Revealed: the truth behind 'sweet little old tax rebel'

Andrew Johnson
Sunday 22 February 2004 01:00 GMT

As she tottered out of magistrates court last week, Elizabeth Winkfield, 4ft 10in tall and 83 years old, stepped into the limelight as a figurehead for a growing revolt against council tax charges up and down the country.

Her refusal to pay £98 of her £747 council tax bill was greeted with cheers by supporters and has made her a martyr to a people's revolt gathering momentum. But The Independent on Sunday can reveal that publicity surrounding the case of Ms Winkfield was no fluke. Her very public court appearance is owed at least in part to behind-the-scenes engineering by the UK Independence Party - a minority right-wing political party that wants to see Britain pull out of Europe.

Ms Winkfield is a member of the UKIP, as is another pensioner who also made headlines last month when he refused to pay up. Last week's action was co-organised by the Devon Pensioners Action Forum - run by Albert Venison, 78, who has addressed UKIP meetings - and the UKIP itself.

John Kelly, a regional spokesman for the UKIP, said: "We are giving £11bn a year to the European Union. The issue with council tax is that the Government wants to set up regional assemblies. In the South-west, £1m of the £5m cost will be levied on the district council. It's a tax by stealth. They are making council tax payers support a political experiment. We had a public meeting in Axminster this month and Albert Venison spoke on our platform. But we are absolutely not trying to take over."

Ms Winkfield, from Westward Ho! in Devon, had not expected the legions of national newspaper and television reporters. Nor had she anticipated the large crowd of placard-waving supporters - half of whom are thought to be from the UKIP.

Ms Winkfield told The Independent on Sunday: "If I'd known what was going to happen I would have been terrified out of my wits.
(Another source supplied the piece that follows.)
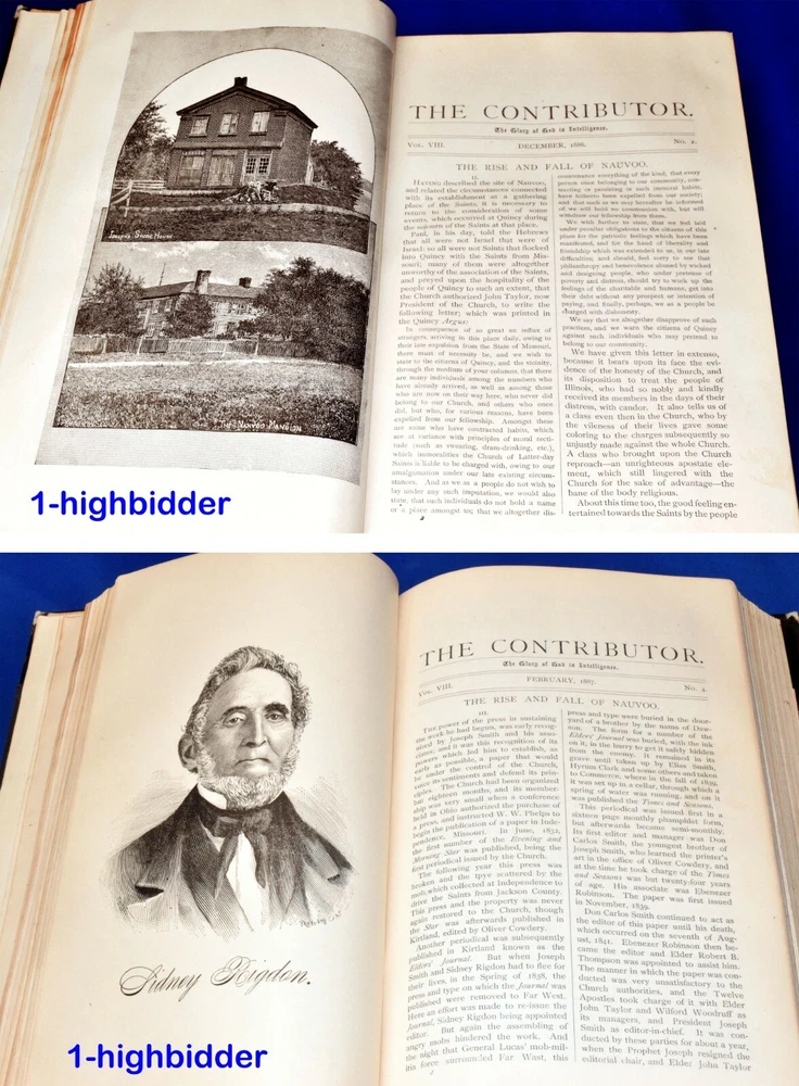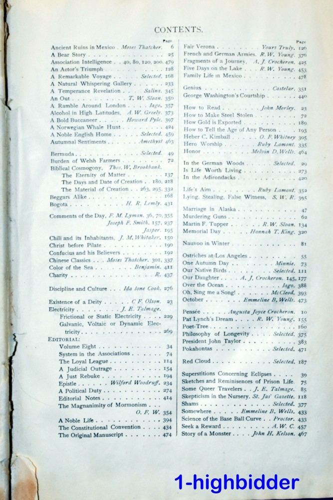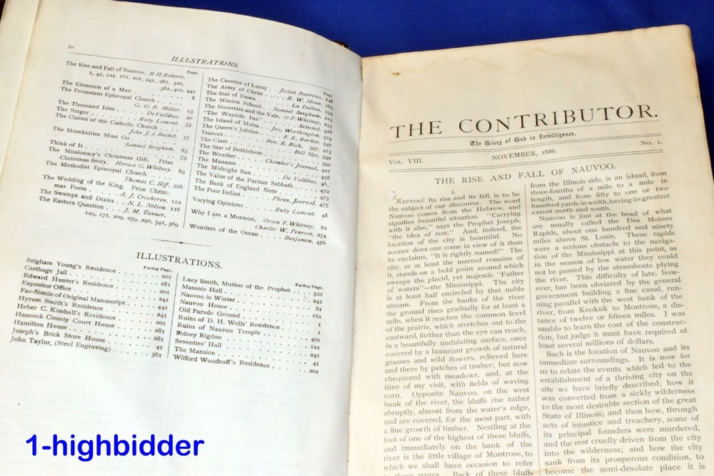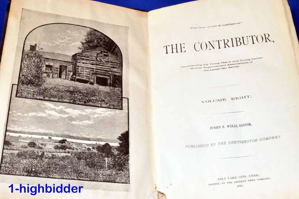 1887 The Contributor Young Mens & Ladies Mutual Improvement Assoc. LDS Mormon _____________________________________ The Contributor: A Monthly Magazine Representing the Young Men's & Young Ladies Mutual Improvement Associations of the Latter-Day Saints, Volume Eight by Junius F. Wells (editor) Published by Junius F. Wells, Salt Lake City (1887) Condition: Good condition 1st Edition Hardcover Book! The binding is tight and all 480 pages within are present. There is some yellowing throughout the book and a few pages at the beginning of the book do have some tearing (shown) but considering it is over 130 years old, the condition is very tolerable. The covers look good with wear appropriate, as can be seen in my photos. You will be happy with this one! Always handled carefully and packaged securely! Buy with confidence from a seller who takes the time to show you the details and not use just stock photos. Please check out all my pictures and email with any questions! Thanks for looking! About the Book: This is complete bound set of all volume 8 issues of the Contributor from November 1886 to October 1887 and contains an index for the full year in the front of the book. The Contributor was an independent publication associated with The Church of Jesus Christ of Latter-day Saints (LDS Church) between 1879 and 1896. It was a monthly periodical and sought to represent the Young Men's and Young Ladies' Mutual Improvement Associations (YMMIA and YLMIA respectively), the youth organizations of the LDS Church at the time. It was founded by Junius F. Wells, the inaugural head of the YMMIA. Abraham H. Cannon became editor when the magazine was purchased by the Cannon Publishing Company in 1892. With the death of Cannon in July 1896, The Contributor ceased publication a few months later and was not immediately replaced. The Young Woman's Journal had begun publication in 1889 and it replaced The Contributor for the YLMIA in all but name. However, to provide an official replacement for The Contributor that would cater to both young men and young women, the YMMIA and the YLMIA began publication of the Improvement Era in 1897. Copyright © 2018-2022 TDM Inc. The photos and text in this listing are copyrighted. I spend lots of time writing up my descriptions and despise it when un-original losers cut and paste my descriptions in as their own. It is against ebay policy and if you are caught, you will be reported to ebay and could be sued for copyright infringement and damages.

I was only expecting one or two people from the local press."

Friends say it was a claim at a UKIP meeting that a proportion of Ms Winkfield's council tax ends up in European coffers that sparked her anger over the council tax. "I told the UKIP and the action forum that I was going, and they must have told other people," she said. "I didn't ask them for any help or advice. Money going to Europe is one of the things I'm concerned about.The expenses of the council leader is four times my income. But if I was a millionaire I'd say the same."

Another pensioner, Fred Estall, 80, from Southampton, who appeared in court last month for non-payment of his council tax, is also a UKIP member. "I'm involved in the council tax campaign because of the UKIP," he said. "We're trying to get involved in local government, to get ourselves known. The council tax campaign was a good chance to get involved with the community, and so it turned out to be. It did start from my UKIP work, but I'm a member of the Meon Valley Action Group and that work is non-political."

The national campaign against high council tax rises is called Is It Fair? and affiliates local groups. It began last year when retired army major John Melsom and his wife Christine, from Hampshire, gave an interview to their local paper when council tax went up by 15 per cent. That led to a website, which quickly resulted in a national campaign.

"I never expected it to become so big," she said. "But no party politics are allowed. There is no political affiliation, although we've had a few of the smaller parties trying to jump on the bandwagon. But we've said no to all of them."